I have not given the whole code here. But I will explain what I am trying to do. I am trying to import a particular field from a sqlite database and checking if a single word of the field matches with a particular bag of words I already have in my program. I have sorted the bag of words aphabetically and assigned every starting of a new letter to it's index using python dictionary. This I have done so that everytime I check a word of the field being present in the bag of words, I do not have to loop through the entire bag of words.

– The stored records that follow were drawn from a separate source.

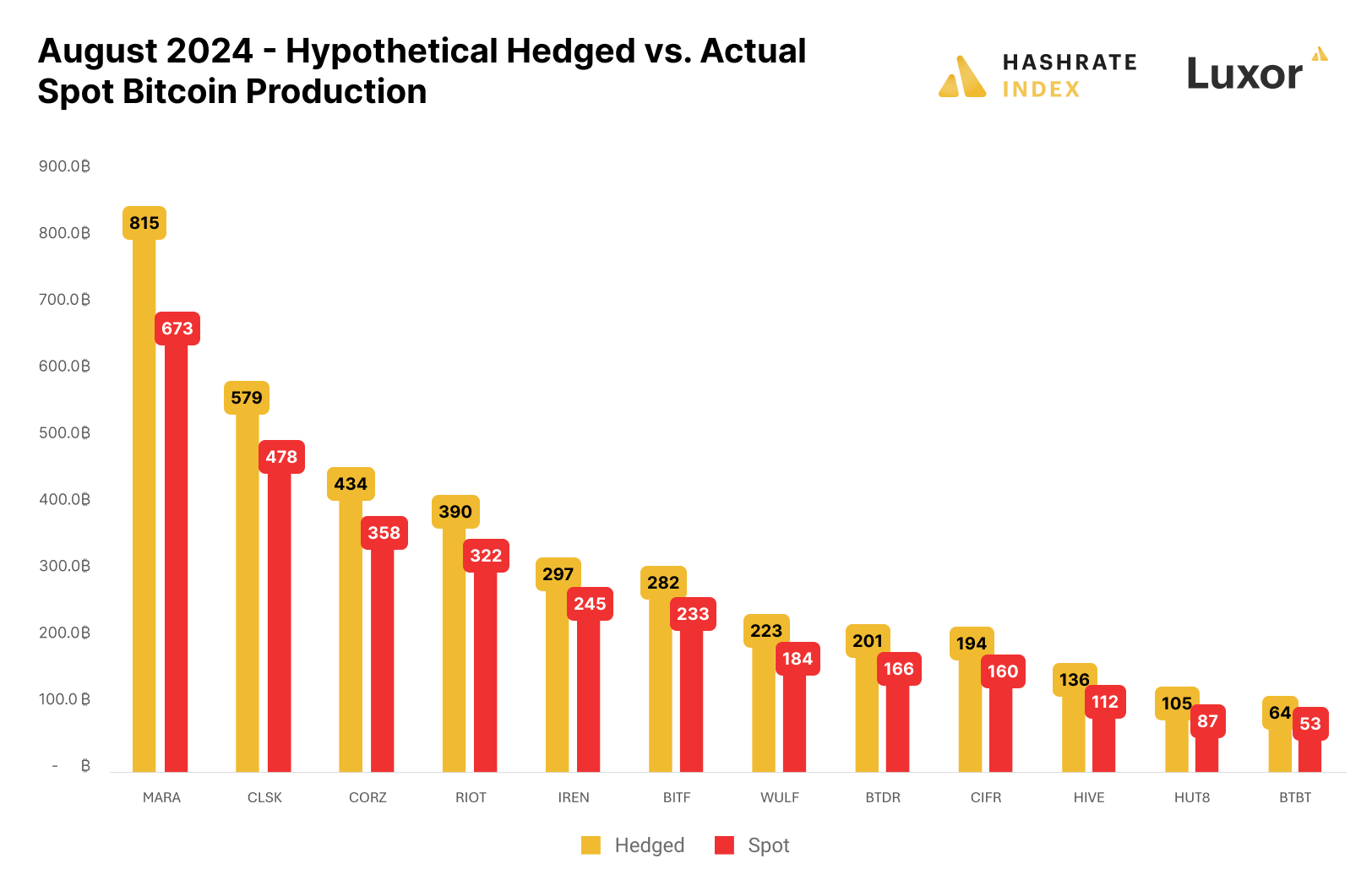 Public mining companies were not selling hashrate forward for August – an unfavorable position to be in as hashprice hit all time lows. The figure below illustrates a hypothetical scenario of how public miners' August production would have differed if they had hedged in March 2024 before the halving: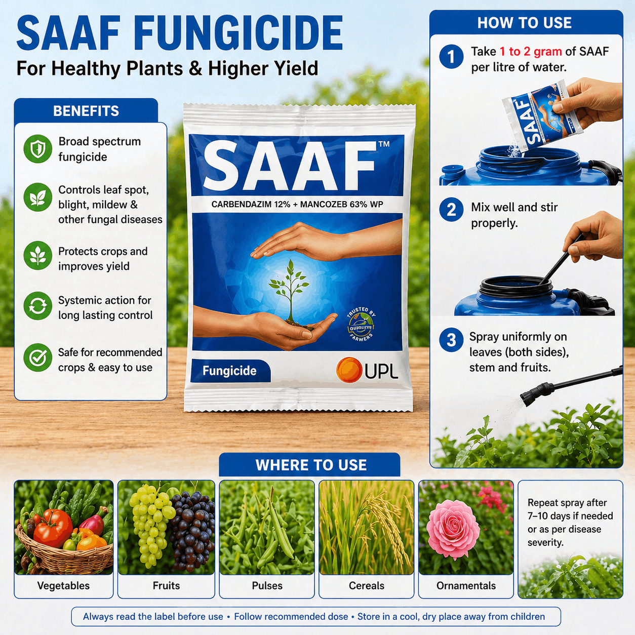 Saaf Fungicide is a systemic and contact fungicide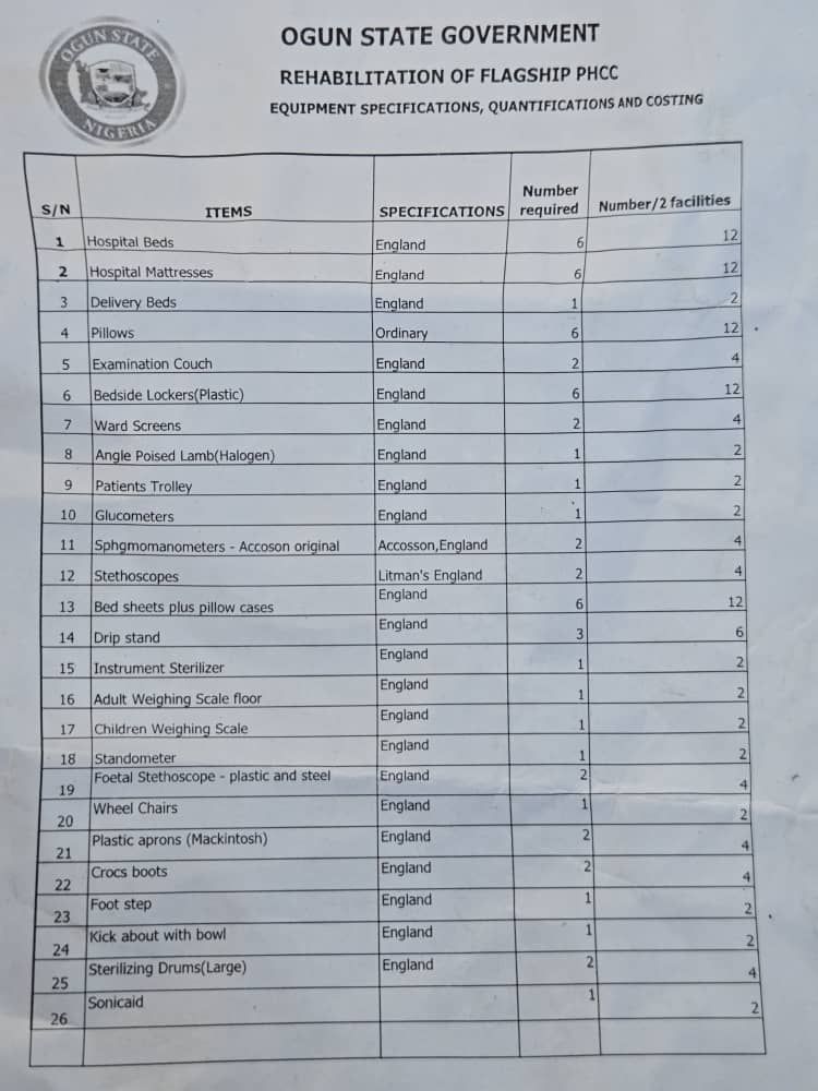 Speaking to newsmen in Abeokuta on Thursday, Honourable IWA shared his heartfelt appreciation for the ongoing support from the Ogun State Government in enhancing healthcare facilities across the state. He noted that the provision of these health equipment is a major step in the right direction, ensuring that quality healthcare services reach all corners of Ogun State.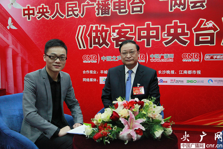 全國政協委員王國強與主持人胡凡 (央廣網記者 趙娜娜 攝)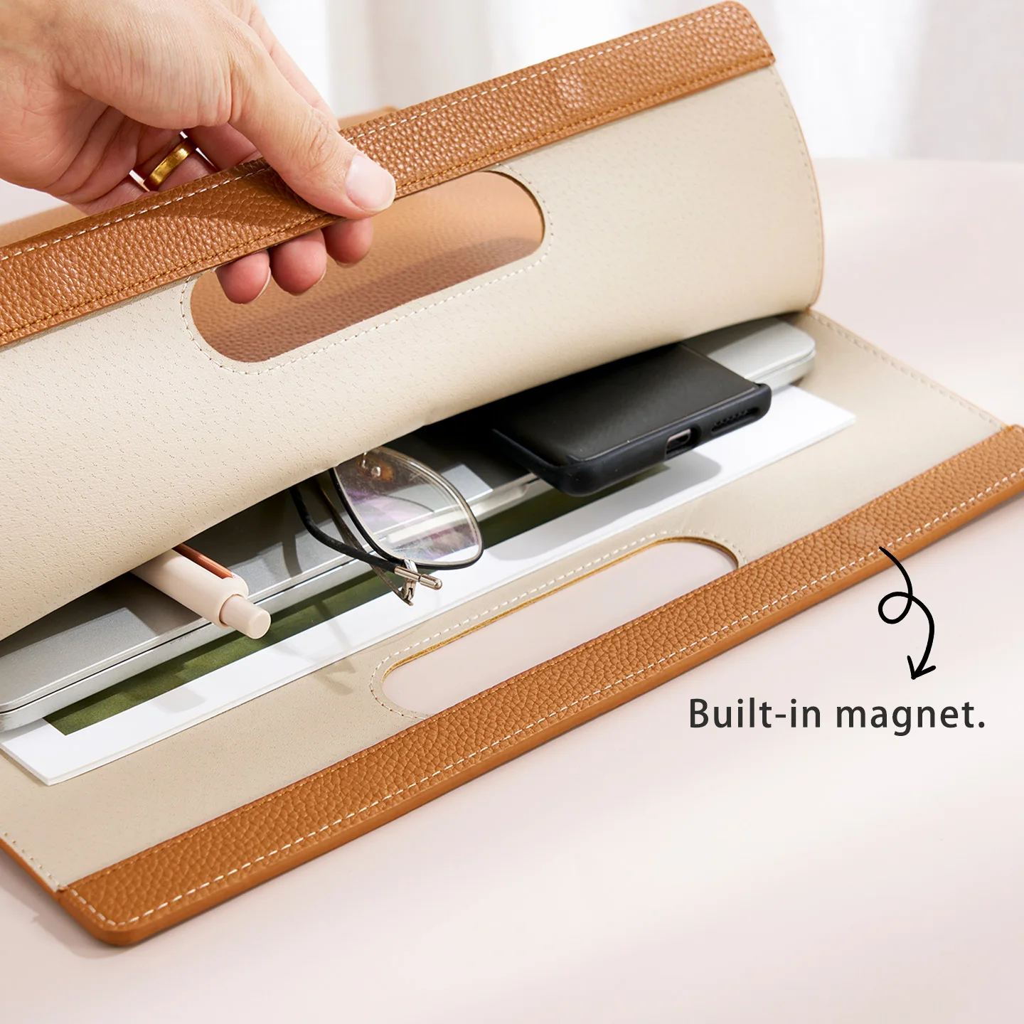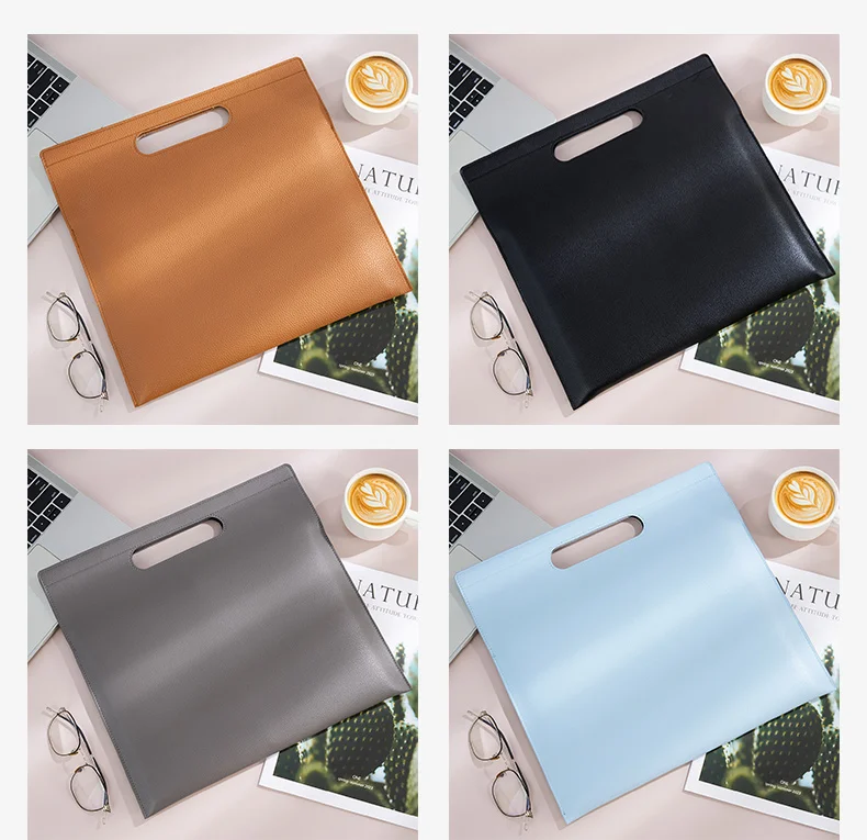 High Quality Document Receipt Contract Holder Document Bag A4 Soft PU Leather Office Meeting File Bag With Handle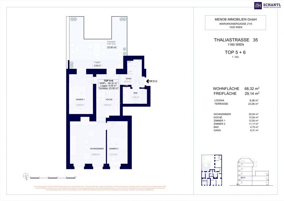 Wohnfläche 68 m2 + 23 m² Terrasse + 6 m² Loggia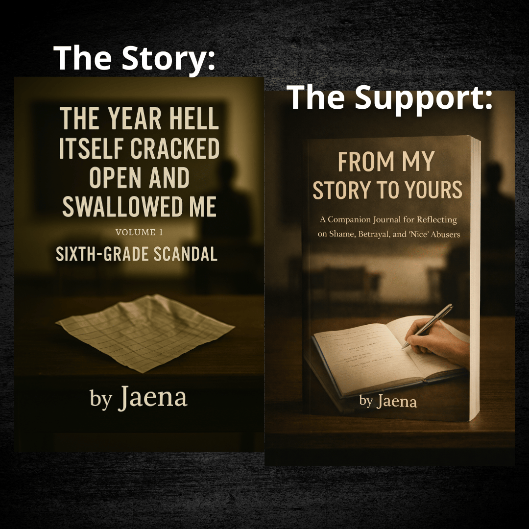 Together, they create a complete, self-paced experience for readers who want more than insight alone. The journal–workbook provides guided prompts, containers, and reflection pages that support integration without overwhelm or retraumatization.

Rather I can just start looping from the index of the first letter of the word.

I have checked that the return type of get() in dictionary is int and the function nextVal also should return an int since both len() and dictionary[keylist[i+1]] are int types.

Please help.

EDIT

This is my entire code:

import sqlite3 as sql
import re

conn= sql.connect('football_corpus/corpus2.db')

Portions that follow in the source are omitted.